Things can become even "uglier" in court when the battle-worthy marital assets include children. Arrangements regarding the kids — where they'll sleep, who'll make decisions, who'll pay for what — are approached with the same greedy antagonism as the division of the 401k. "People find ways to take the kids on the ride with them," said New York Family Court employee, Leah, "bringing them into their animosity and despair. They'll fight to the death over holiday schedules, who should pay for shoes, or who can come to which little league games."

For many divorced parents, it's this intractable sense of being trapped in a relationship with someone you despise that's the stickiest marital residue. We kids of divorce witness this fallout all the time: in the subtle digs one parent makes against the other; in the TMI stories of an ex's transgressions. One interviewee discussed moving back home after grad school. Her parents had divorced when she was a teen, but whenever she and her mom argued that year, the fight would inevitably end with her mother screaming, "You're just like your father!" "Once, when an argument started, I said to her, Why don't we just skip all this and go right to you screaming that I'm like Dad. She threw a lamp at me. This is a sane professional woman, years later. The pain remained that profound."

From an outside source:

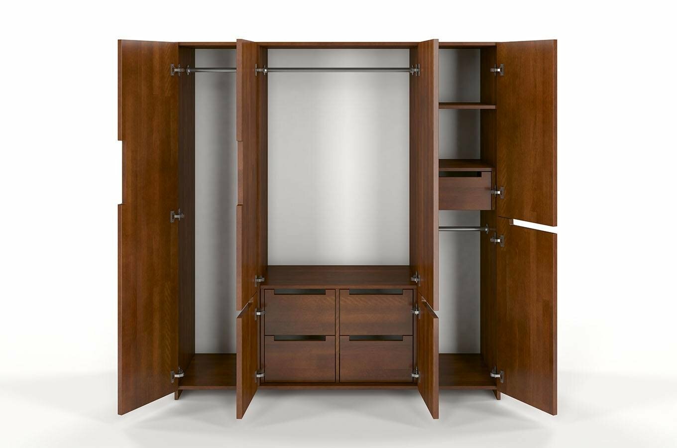 Šatní skříň Naturlig Larsos 4D5S (buk) výška 180 cm hloubka 60 cm Buk Popis: Šatní skříň s vnitřním dělením z bukového dřeva umožňuje přehledné uskladnění oblečení a doplňků. Střední část skříně tvoří šatní tyč na kabáty a dlouhé oděvy, spodní část má 4 zásuvky pro prádlo a doplňky. Pravá část obsahuje 2 police, šuplík a menší šatní tyč. Vlevých dveřích je prostor pro větší předměty. Šatní skříň má pevnou a stabilní konstrukci z bukového dřeva s ochranným lakem proti deformaci a poškození. Rozměry jsou 170 x 180 x 60 cm. Při koupi je požadována záloha ve výši 50% z ceny produktu s DPH. Produkt je lakován moderním vysoce kvalitním lakem na bázi vody s UV filtry a splňuje normu EN71-3.
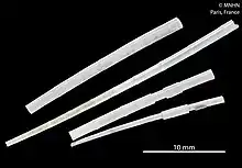 Dentaliida is one of the two orders of scaphopod mollusks,[2] commonly known as elephant's tusk shells. The order Dentaliida contains most of the larger scaphopods, and is distinguished from the other order (the Gadilidae) by the shape of its shell (the dentaliid shell tapers uniformly from anterior to posterior; the gadilid one has an anterior shell opening slightly smaller than the shell's widest point), the shape of the foot (the dentaliid foot is boat-shaped with a central trough; the gadilid foot is star-shaped), and the arrangement of some of their internal organs.

So if you've bought a one-way ticket to Splitsville, but don't want to arrive at your destination all nasty and bitter, what are your options? "I think a lot of divorcing couples would do better in a mud-pit," Leah said. "Get that aggression out early on." But if such a venue isn't available — or it's occupied by female wrestlers — another functional alternative exists: Mediation. Instead of squaring off in court using attorneys as stand-ins, in a mediated divorce, the participants agree to sit face to face with an impartial third party, and hash through their problems and property.

Comments

Anonymous said…
I love the idea of a mudpit, but somehow I think it would only delay the fight to be expected from anyone who needs the mudpit to divorce their spouse.

A follow-up to your last comment that "participants agree to sit face to face with an impartial third party" - some clients, even in mediation, do not sit face to face, but require separate rooms and a mediator who practices shuttle diplomacy by moving between the rooms in an attempt to help settle the case without requiring the spouses to interact at all!